Swords & Sandals
- The Fall of the Roman Empire review by Count Otto Black
It's no coincidence that this DVD includes a trailer for "Gladiator". Both films are alternate versions of the events following the death of the last of the "Five Good Roman Emperors", Marcus Aurelias, and the accession of Commodus, the first of a long and ultimately fatal series of bloody awful rulers. Also, both films assume (for reasons based entirely on drama and not at all on history) that Marcus Aurelias knew his biological son was a bloodthirsty megalomaniac, wanted to nominate somebody else as his successor, but was assassinated before he could do so. Thus it's fair to say that "Gladiator" is a sort of remake.
Which is the better film? Undoubtedly "Gladiator". I'm a sucker for a good epic. I'd give "Lawrence Of Arabia" (which shares some of the cast of this movie) six stars if that was possible. But this epic is frankly overrated. I've given it three, after thinking about two, but ultimately it's a two-and-a-half-star film. Does the Roman Empire actually fall? No, not as such. It symbolically starts to in the last few minutes. Don't expect Rome to spectacularly burn before your very eyes. And the epic battle scenes aren't that wonderful either - bear in mind that this has a U certificate. "Spartacus" goes much, much further in every respect. And quite right too, because when you're telling this kind of story, it matters. Though full marks to second unit director Yakima Canutt - when you see the name of that legendary western stuntman in the credits, you can safely assume that any scenes involving horses will be spectacular. And he really pulls the stops out here.

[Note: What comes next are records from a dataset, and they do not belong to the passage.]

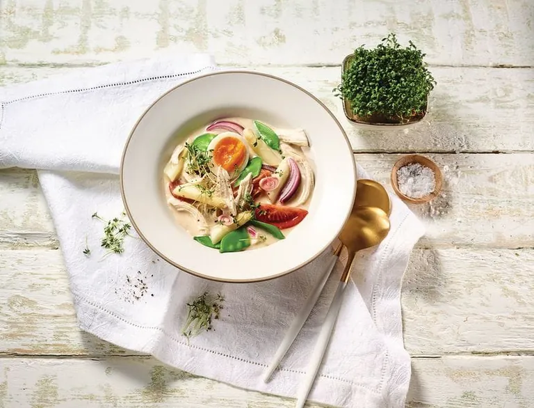 Auch optisch ein Genuss: Die helle Spargelsuppe wird mit grünen Zuckerschoten, ­roten Zwiebeln und Tomate aufgepeppt. Deutsches Geflügel - © Deutsches Geflügel
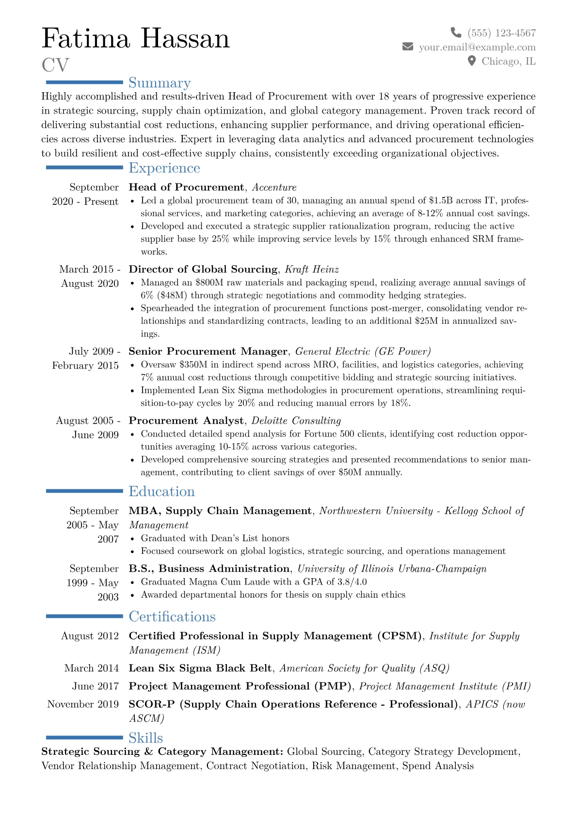 The JobSprout example effectively quantifies achievements, such as "orchestrated 18% annual spend reduction across six client engagements totaling $500M" and "implemented new vendor management systems, improving supplier compliance by 25%." Skills are thoughtfully grouped into sections like "Strategic Sourcing & Category Management," "Digital Procurement & Analytics," and "Global Vendor Relations." Crucially, it highlights relevant operational tools and certifications such as Oracle Cloud Procurement, Coupa, and Lean Six Sigma Black Belt, demonstrating both executive-level strategy and hands-on implementation capabilities specific to this demanding role.
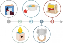 Vzdelávací box Tooky Toy pre 5-6 mesačné deti je ideálnym darčekom pre malé novorodencov. Set obsahuje:
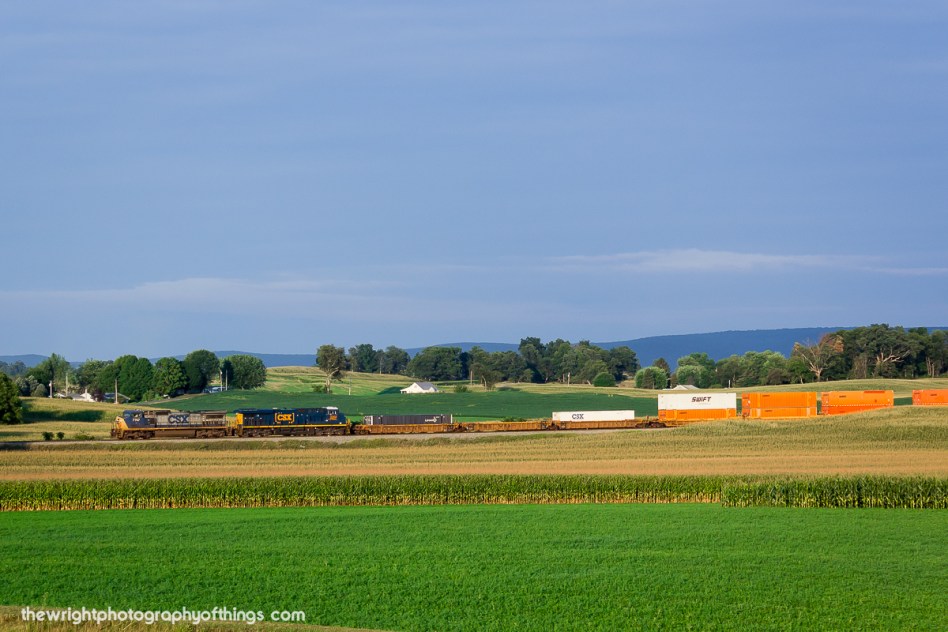 » Approaching the terminal in Chambersburg, PA, CSX train Q016 passes through fertile farmland on its voyage on the former Western maryland Railway line.
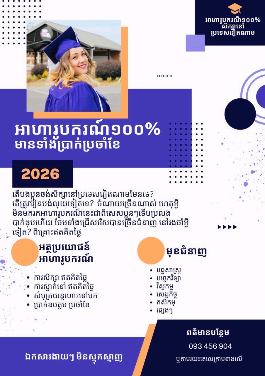 សិក្សាថ្នាក់បរិញ្ញាបត្រ - ផ្តល់ប្រាក់ខែរហូតដល់រៀនចប់ - មានច្រើនជំនាញក្នុងការជ្រើសរើស - សិក្សាឥតគិតថ្លៃ - ស្នាក់នៅឥតគិតថ្លៃ - ផ្តល់សំបុត្រយន្តហោះទៅមក - អត្ថប្រយោជន៍ផ្សេងទៀត ពត៌មានបន្ថែមតេលេក្រាម 093456xxxClick To Call
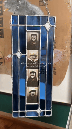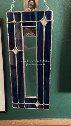 This handcrafted frame is designed for photo booth strips. Featuring a geometric border crafted with the classic copper foil (stained glass) technique, each frame is a unique work of art. Multiple frames interlock vertically to create an ever-growing, radiant gallery of memories.
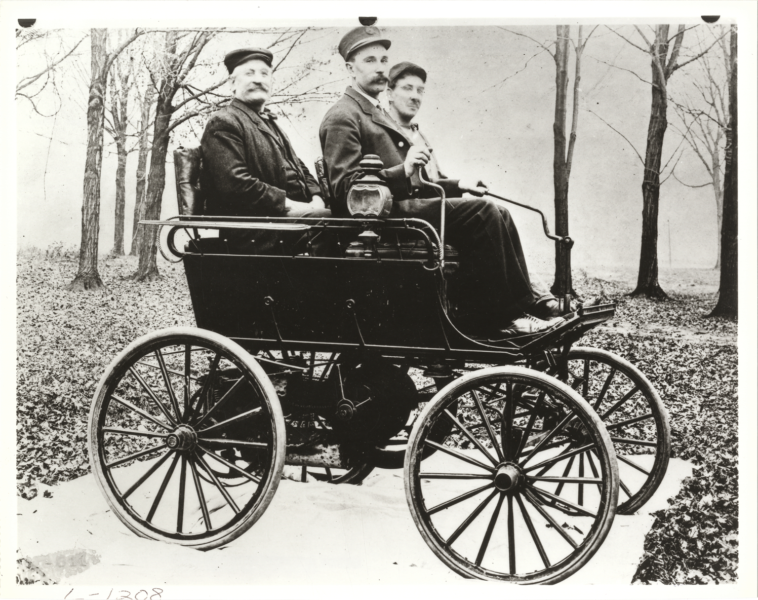 View of three men in 1897 Oldsmobile car. Handwritten on back: "Oldsmobile, 1897. First gasoline powered model."
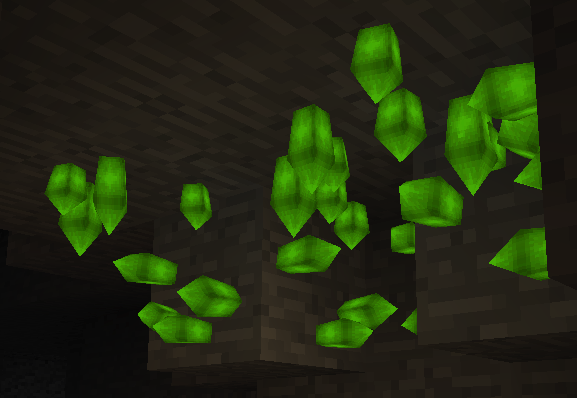 The Earth Crystal is a glowing ore added by Thaumcraft 5. It is found in clusters of 1-64. When mined, it will drop 1-4 Earth Shards (the number of shards it will drop is countable by looking at the block). Silk Touch is ineffective against the Earth Crystal, and due to Minecraft 1.8's rendering issues, the block in the inventory is rendered as an item.
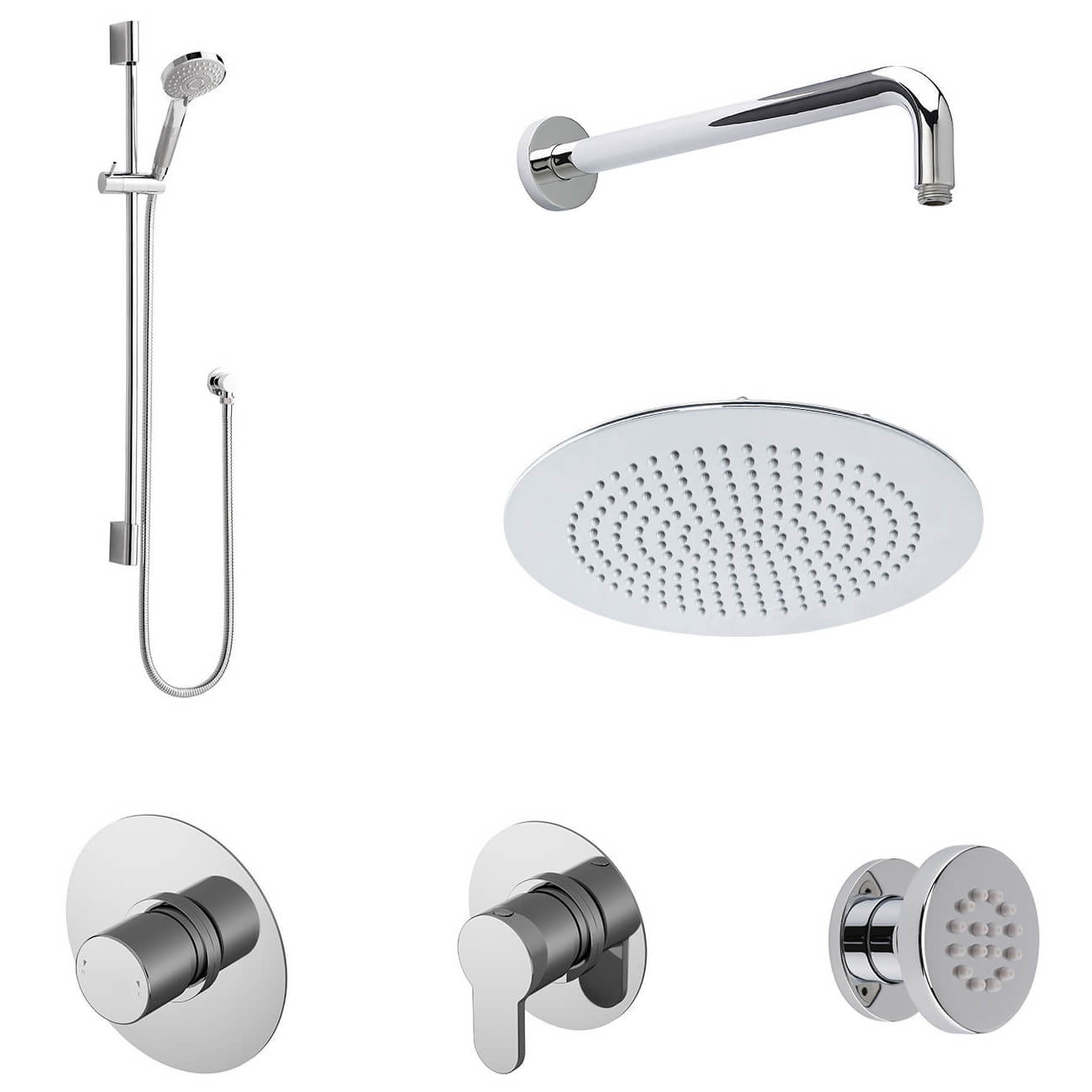 • Pack Includes: Thermostatic Valve, 3x Stop Valve, Slide Rail Kit, 3x Body Jets and Showerhead with Arm
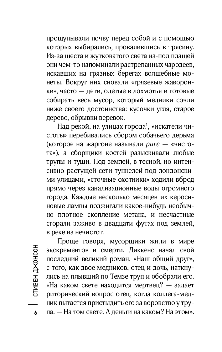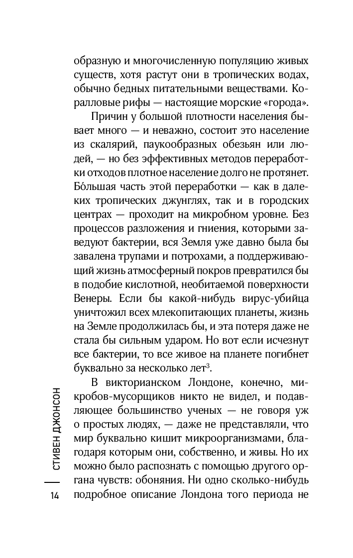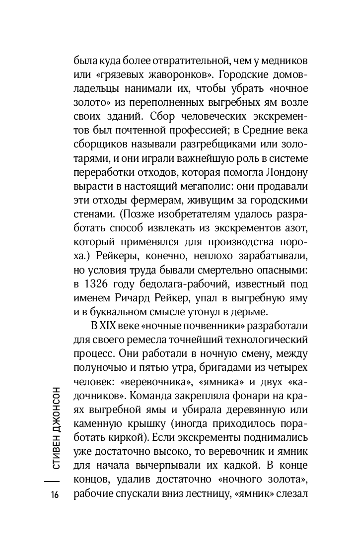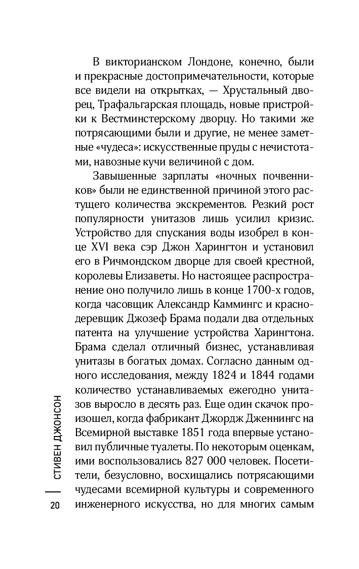 Стивен Джонсон освещает запутанные истории распространения болезней, возникновения городов и ход научных исследований, увлекая читателя в пугающее и захватывающее путешествие по Лондону конца XIX века – одному из самых развитых и передовых городов мира того времени. Рассказывая удивительную историю, он также дает мощное объяснение тому, как эпидемия холеры сформировала мир, в котором все мы живем.
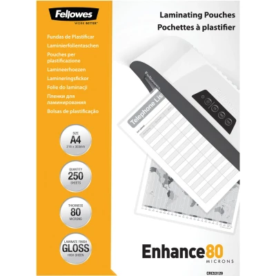 Fellowes A4 Laminating Pouches, Gloss, 160 Micron (2 x 80 Micron) Pack of 250, clear
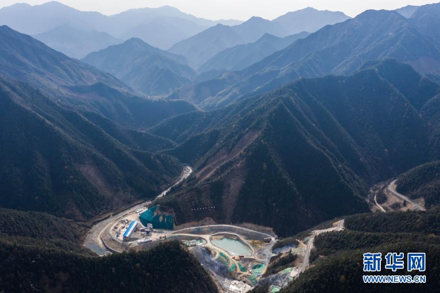 空中俯瞰双溪口水库工程施工现场(2月22日摄,无人机照片)。新华社记者 徐昱 摄
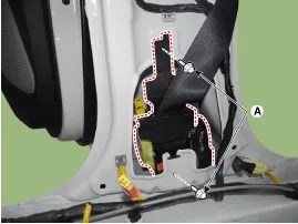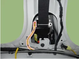 Desconecte el conector del pretensor del cinturón de seguridad (A) y desmonte el pretensor del cinturón de seguridad.
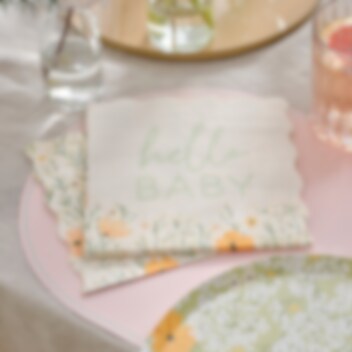 16 stk. vakre og sommerlige servietter som er et perfekt komplement når du dekker til en babyshower. Serviettene gir bordet ditt en vakker blomstrende touch. Serviettene har 2 lager og er utfoldet 30 x 30 cm store.
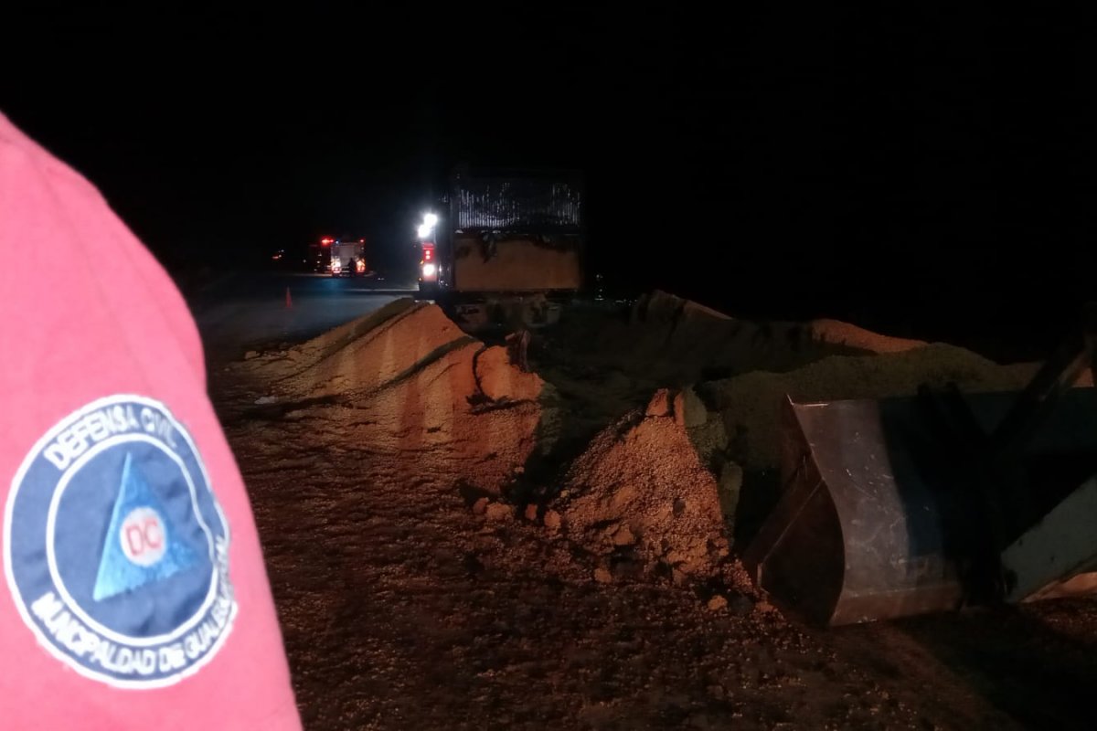 Durante su intervención, el personal de Defensa Civil municipal trabajó en la liberación de la calzada para posibilitar la reanudación del tránsito vehicular. Para ello se debió retirar todo el material con una máquina retroexcavadora y trasladarlo fuera de la autovía.

What lets this film down isn't the pacing. "Lawrence Of Arabia" is much longer, and not much more actually happens. yet it never loses your attention for a moment. What it needs is better acting. James Mason gives it his all as a potentially one-dimensional good guy, but ultimately his character is completely irrelevant. Alec Guinness is as professional as he usually is as Marcus Aurelias, who dies early in the film, but if you've seen "Star Wars", you'll recognize his default performance in movies he doesn't truly connect with (compare his Prince Faisal in "Lawrence Of Arabia", who manages to be far more multi-faceted with even less screen-time). But Stephen Boyd is painfully wooden as the lead. What sane Emperor would have tried to nominate this pedantic moron as his successor? Christopher Plummer's Commodus is a far more sympathetic character (and a far better acted one) because it's not really this weak, flawed man's fault that he ended up with a job he's wildly unsuited for, and it's not until the final stages of the film, when his fragile sanity has totally crumbled under the pressure, that he's actually evil. And as for Sophia Loren... Well, just watch those. Strange. Early scenes where. She keeps. Pausing for no. Apparent. Reason. While gazing vacantly into the. Middle. Distance. You'd almost think, if she wasn't an A-list actress, that cue-cards might have been involved...
In short, a halfway decent second half of a double bill, if the other half is "Spartacus " or "El Cid". Though given the lengths of those films, they don't really need a B-feature. A rare case of the remake (or in the case of "Gladiator", unofficial semi-remake) being far better than the original. Not actually bad, but strictly for nostalgia buffs.